----- Data -----

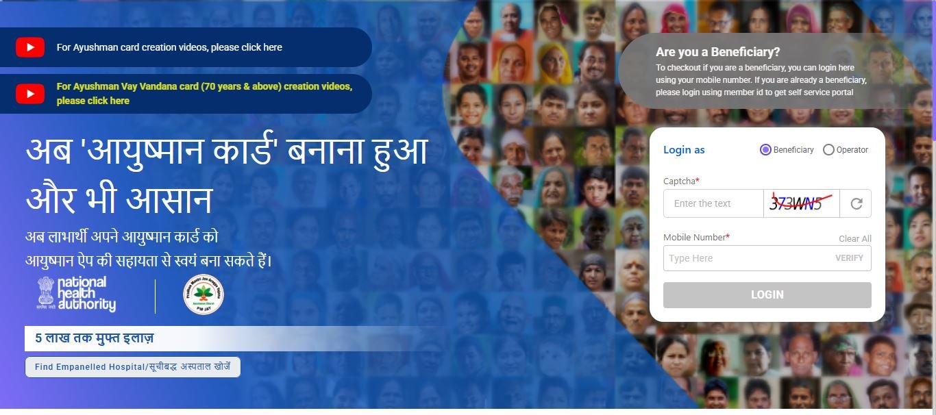 • सबसे पहले आपको इसके लिए आयुष्मान कार्ड की ऑफिसियल वेबसाइट पर जाना होगा |
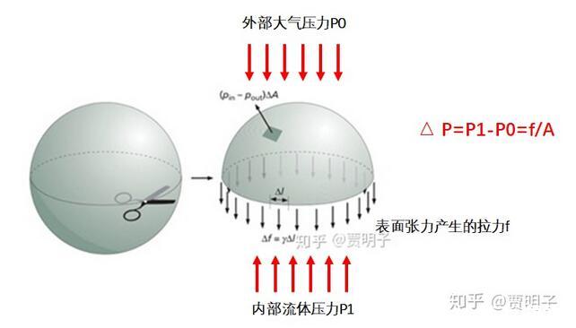 我們很容易就會(huì)看到,由于表面張力的存在,此時(shí)內(nèi)部的壓力肯定要大于外部壓力。那么,這種壓力差的大小是由什么決定的呢?
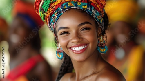 Beautiful brazilian woman smiling and wearing traditional colorful headscarf
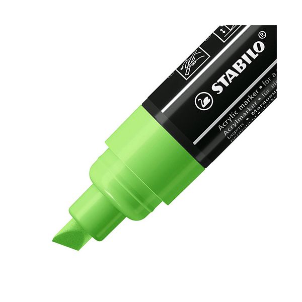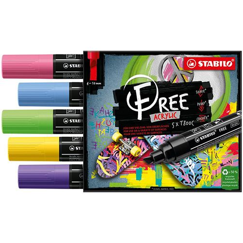 S radom STABILO FREE Acrylic Marker môžete takmer neobmedzene navrhovať a individualizovať. K dispozícii sú popisovače s tromi starostlivo vybranými variantmi hrotov a až 20 krycími farbami. Nepriehľadná a svetlostála pigmentová akrylová farba, vhodná na takmer všetky povrchy,od papiera cez kameň až po keramiku, umelú kožu a drevo. Každý môže nechať voľný priebeh svojej kreativite pri písaní, maľovaní, značkovaní, šrafovaní a kontúrovaní. Akrylový popisovač s pigmentovaným atramentom na vodnej báze - v troch šírkach stopy (T100, T300, T800C) s až 20 farbami - vhodný na rôzne povrchy, napr. papier, kartón, plátno, kameň alebo umelú kožu - nepriehľadný, permanentný, vodeodolný, ľahký a odolný voči poveternostným vplyvom -možno miešať a miešať s vodou - po zaschnutí, hodvábne matný a pretierateľný - vyrobený z 50% recyklovaného plastu - jednoduchá aktivácia pretrepaním po dobu 30 sekúnd a následné pumpovanie - horizontálne skladovanie pre dlhú životnosť

-----

• What you are asked to do: Every line above should be duplicated exactly; the pictures are to be left out.

• Result:
 • सबसे पहले आपको इसके लिए आयुष्मान कार्ड की ऑफिसियल वेबसाइट पर जाना होगा |
 我們很容易就會(huì)看到,由于表面張力的存在,此時(shí)內(nèi)部的壓力肯定要大于外部壓力。那么,這種壓力差的大小是由什么決定的呢?
 Beautiful brazilian woman smiling and wearing traditional colorful headscarf
 S radom STABILO FREE Acrylic Marker môžete takmer neobmedzene navrhovať a individualizovať. K dispozícii sú popisovače s tromi starostlivo vybranými variantmi hrotov a až 20 krycími farbami. Nepriehľadná a svetlostála pigmentová akrylová farba, vhodná na takmer všetky povrchy,od papiera cez kameň až po keramiku, umelú kožu a drevo. Každý môže nechať voľný priebeh svojej kreativite pri písaní, maľovaní, značkovaní, šrafovaní a kontúrovaní. Akrylový popisovač s pigmentovaným atramentom na vodnej báze - v troch šírkach stopy (T100, T300, T800C) s až 20 farbami - vhodný na rôzne povrchy, napr. papier, kartón, plátno, kameň alebo umelú kožu - nepriehľadný, permanentný, vodeodolný, ľahký a odolný voči poveternostným vplyvom -možno miešať a miešať s vodou - po zaschnutí, hodvábne matný a pretierateľný - vyrobený z 50% recyklovaného plastu - jednoduchá aktivácia pretrepaním po dobu 30 sekúnd a následné pumpovanie - horizontálne skladovanie pre dlhú životnosť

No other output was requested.